In 15 years they've failed over and over to cash in on search,
email, portals, services [Hailstorm & Passport], SPOT watches,
phones, etc. They always come up with a get-rich-quick scheme
and figure they'll use their monopoly to force new product on
their customer base, without bothering to figure out what people
actually want and need. Metro is the latest version of that. MS
figured they've got hundreds of milions of portal and app customers,
ready-made. All they had to do was to use the Windows monopoly
to seduce, herd, or coerce those customers into their cloud services.
But as usual, they were busy salivating over the profits and neglected
to actually offer anything at all other than a headache for people
trying to use Windows software. Metro is an attempt to transform
Windows customers into services customers.
| >such a genius that he realized the importance of the
| >Internet before anyone else.
|
| I'm not sure that's true I set up a network long before windows 98.
| I was on a friends bullitin board with others in 1994 and from home IIRC.
| using a Macplus at 2400 baud I found the login script in one of my old
emails.
|
I was being sarcastic, and I didn't mean to imply that
networking was new. But it was the beginning of the
Internet craze. It was when the Internet went mainstream.
The sarcasm was because the story is often told of how
Genius Bill foresaw the Internet craze and brilliantly reoriented
Microsoft, just in time to not be left out. But very little
actually changed. Active Desktop was really just a scam
portrayal of the Internet blended with Windows.

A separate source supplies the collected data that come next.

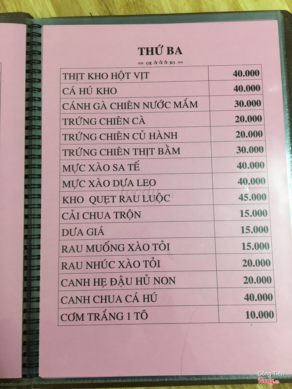 Ghi chú đặt bàn
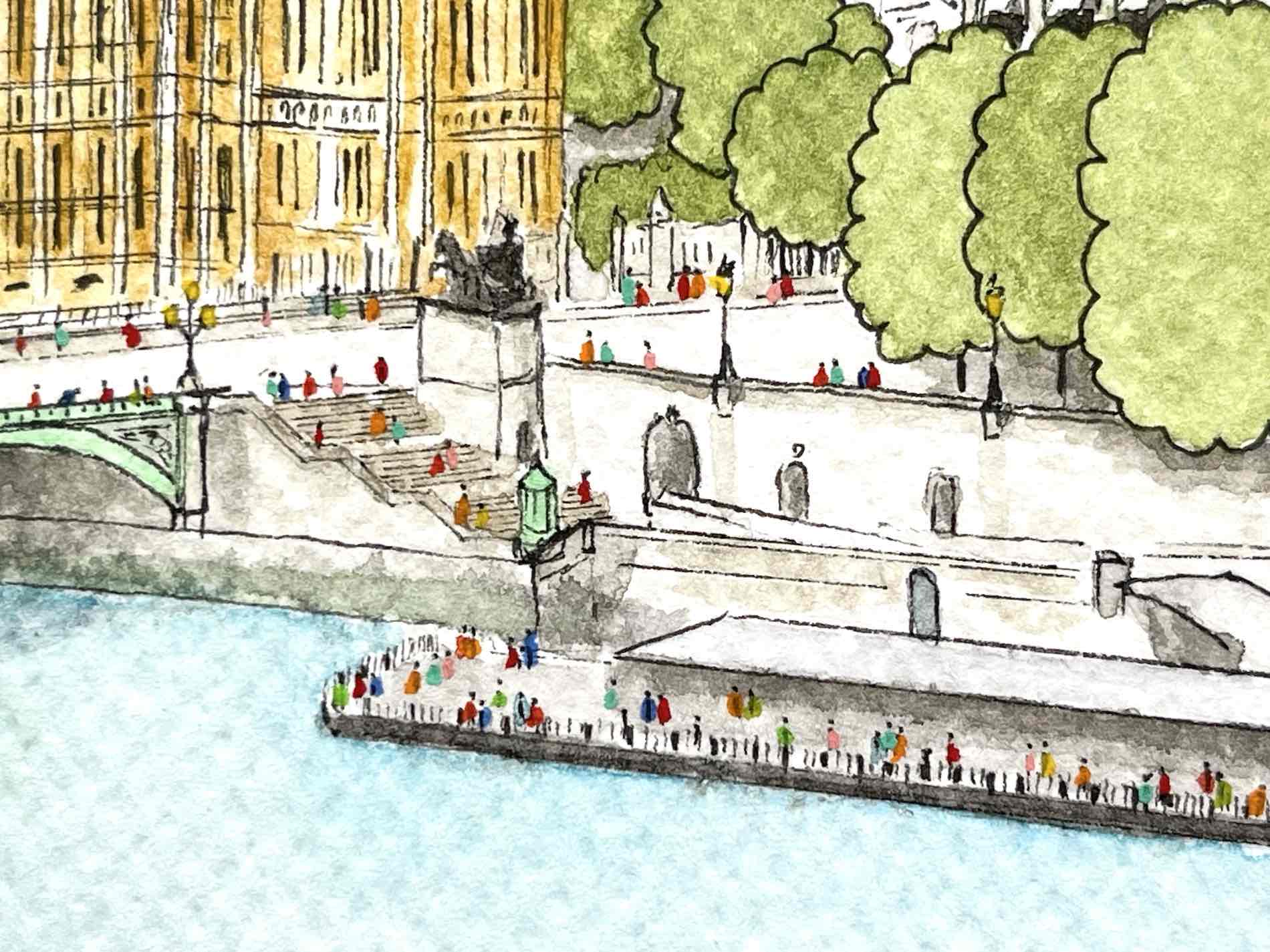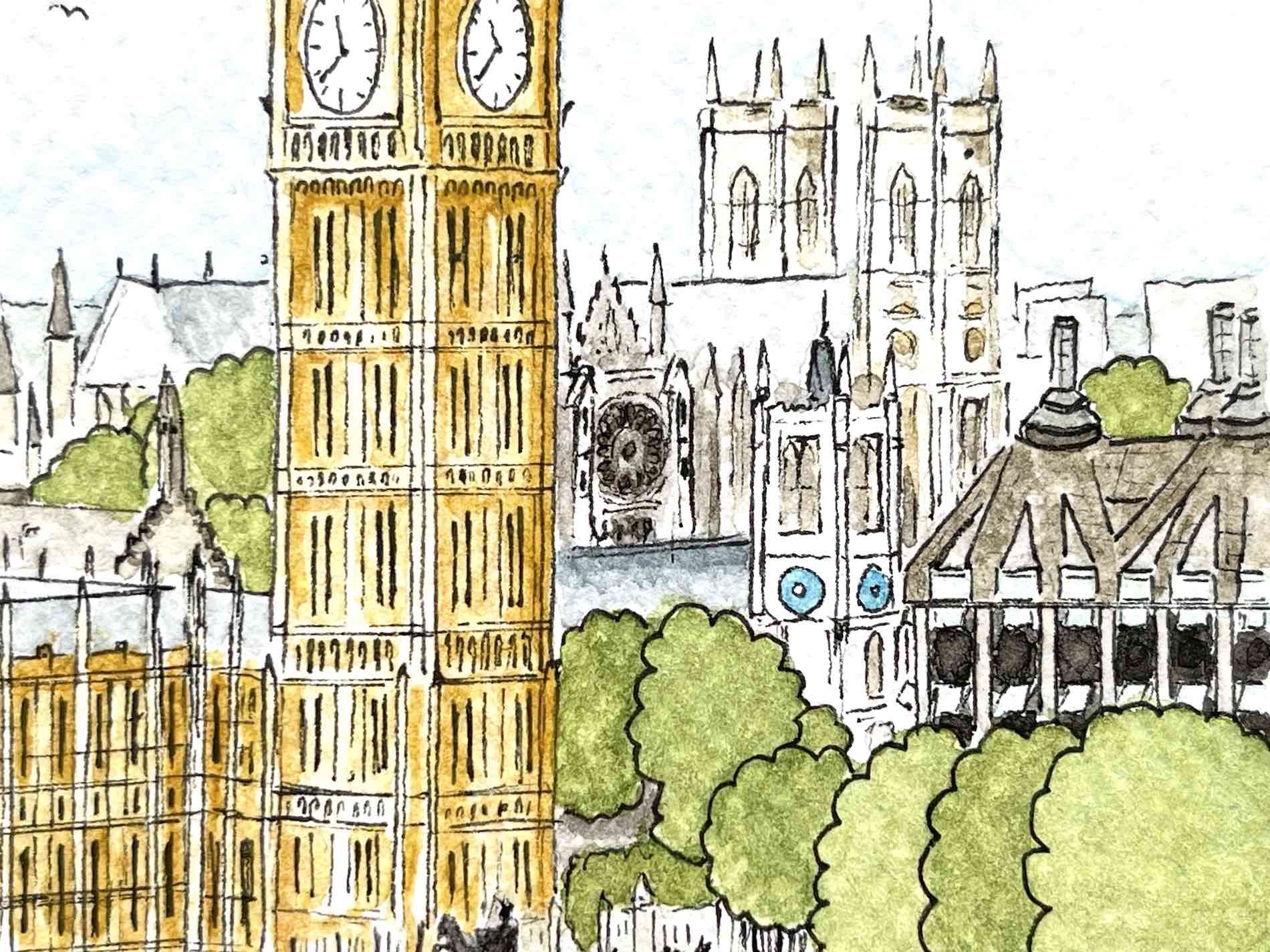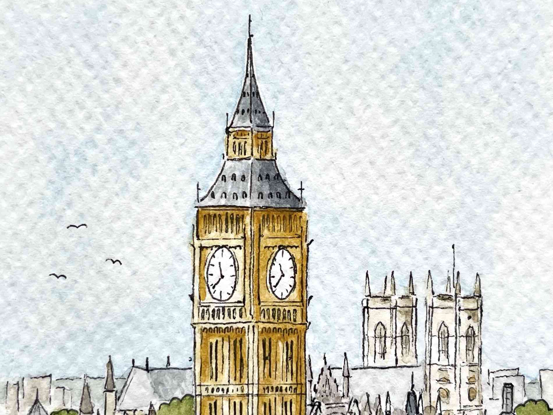 view of what is likely the most famous clock tower, commonly knowns as Big Ben This illustration is available as a bookmark. It can also be printed on various products.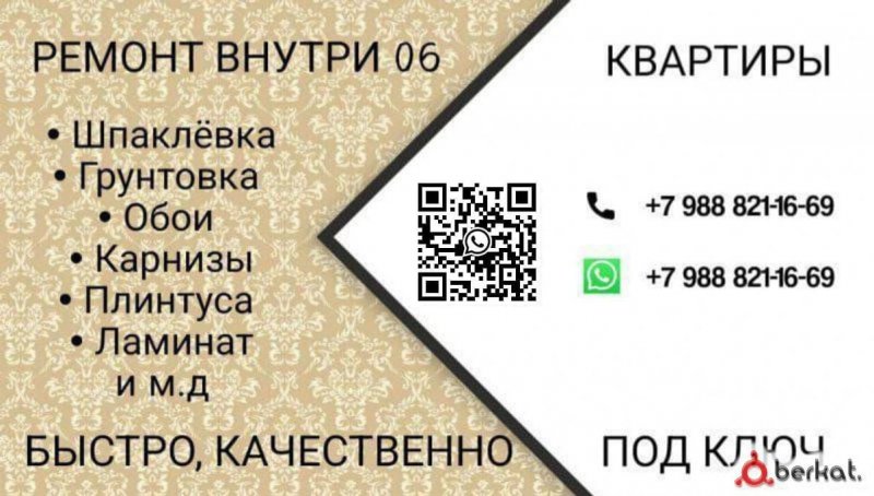 Ремонт под ключ ✅Сантехника ✅Электрика ✅подвесные потолки ✅ натяжные потолки ✅Штукатурка ✅Кафель ✅Обои ✅Краска ✅Ламинат ✅Карниз ✅плинтус гарантия качества ✅опыт более 10ти лет ✅за работу отвечаем

MSN never
went anywhere. Ads on the Desktop never went anywhere.
People were encouraged to embed favorite webpages on the
Desktop, where they could update themselves. But why? The
whole thing was silly. Microsoft continued to make money as
they always had: Windows and Office monopolies. They charged
such high prices, with very little overhead, that they had
billions to blow on all their other failed schemes. And blow it
they did. But they never did become anything more than a
sort of corporate dilletante in online businesses.